- _INFORMATION_
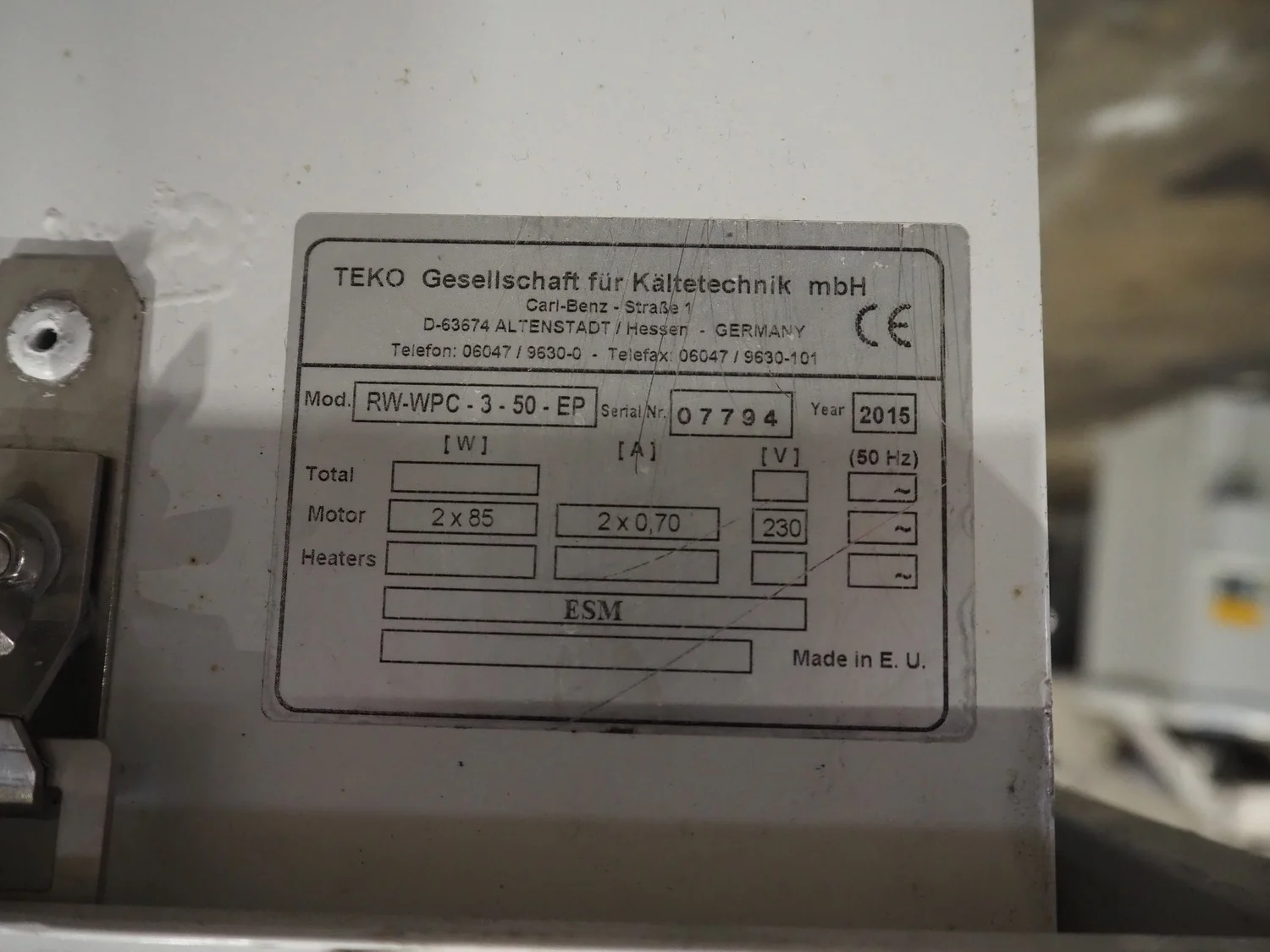 Teko evaporator, model: RW-WPC-3-50-EP, serial number: 07794, year of construction: 2015, 230 V, 50 Hz, 2x0.70 A, 2x85 W, 2 fans, dimensions: 1320 mm x 750 mm x 500 mm.
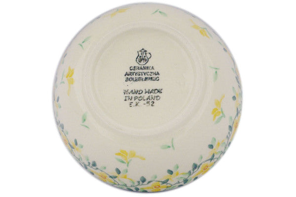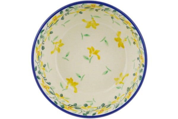 This Cheerful Jasmine 5" Bowl was handmade and hand decorated in Boleslawiec, Poland by skilled artisans according to old traditional methods. This Polish stoneware is microwave, dishwasher, freezer, and oven safe up to 480°F. It does not contain lead or cadmium. It is part of the Cheerful Jasmine Collection.
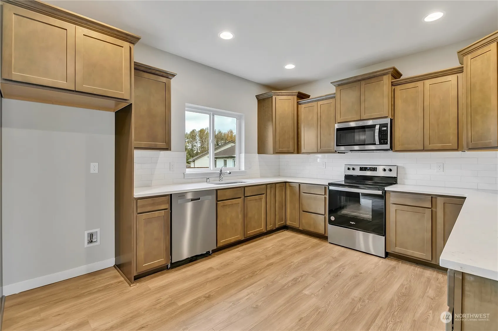 Completed New Construction Home in Oakridge Community. This 1,679 Sq Ft home has 3 bedrooms, bonus room/den/office with 2.5 baths, and 2 car garage. Open kitchen concept with slab quartz counter tops, full height tile backsplash, stainless steel whirlpool appliances, upgraded cabinetry and painted onsite millwork. Laminates flooring throughout entry, kitchen, and dining. Large primary suite with 5 piece master bathroom with walk in closet. Two additional bedrooms with large walk in closets! Front and back landscape with private fence. Short commute to Yelm, JBLM and I-5. EST October
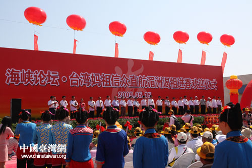 臺灣媽祖信眾直航湄洲進香團今天下午抵達湄洲碼頭,圖為歡迎儀式現場。(中國臺灣網記者 張弛 攝)
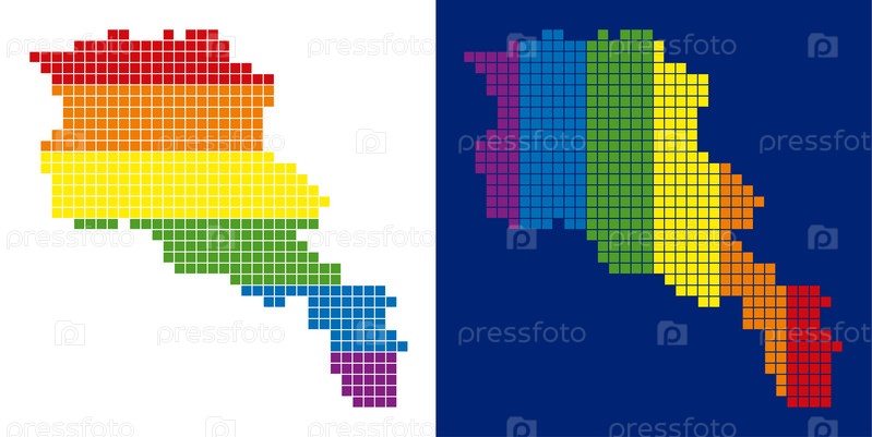 Векторные географические схемы в цветах флага ЛГБТ с вертикальными и горизонтальными направлениями на белом и синем фоне
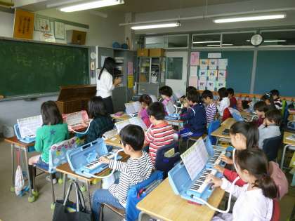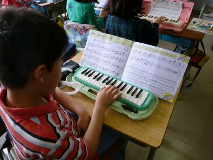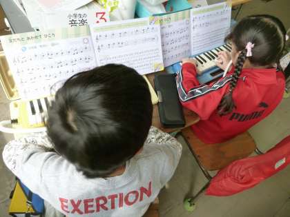 鍵盤ハーモニカを使って運指の練習をしています。

- _TASK GOAL_
With the pictures omitted, write out exactly the lines from the one that contains "臺灣媽祖信眾直航湄洲進香團今天下午抵達湄洲碼頭,圖為歡迎儀式現場。(中國臺灣網記者 張弛 攝)" through the final line of the material above, both ends included.

- _EXERCISE RESPONSE_
 臺灣媽祖信眾直航湄洲進香團今天下午抵達湄洲碼頭,圖為歡迎儀式現場。(中國臺灣網記者 張弛 攝)
 Векторные географические схемы в цветах флага ЛГБТ с вертикальными и горизонтальными направлениями на белом и синем фоне
 鍵盤ハーモニカを使って運指の練習をしています。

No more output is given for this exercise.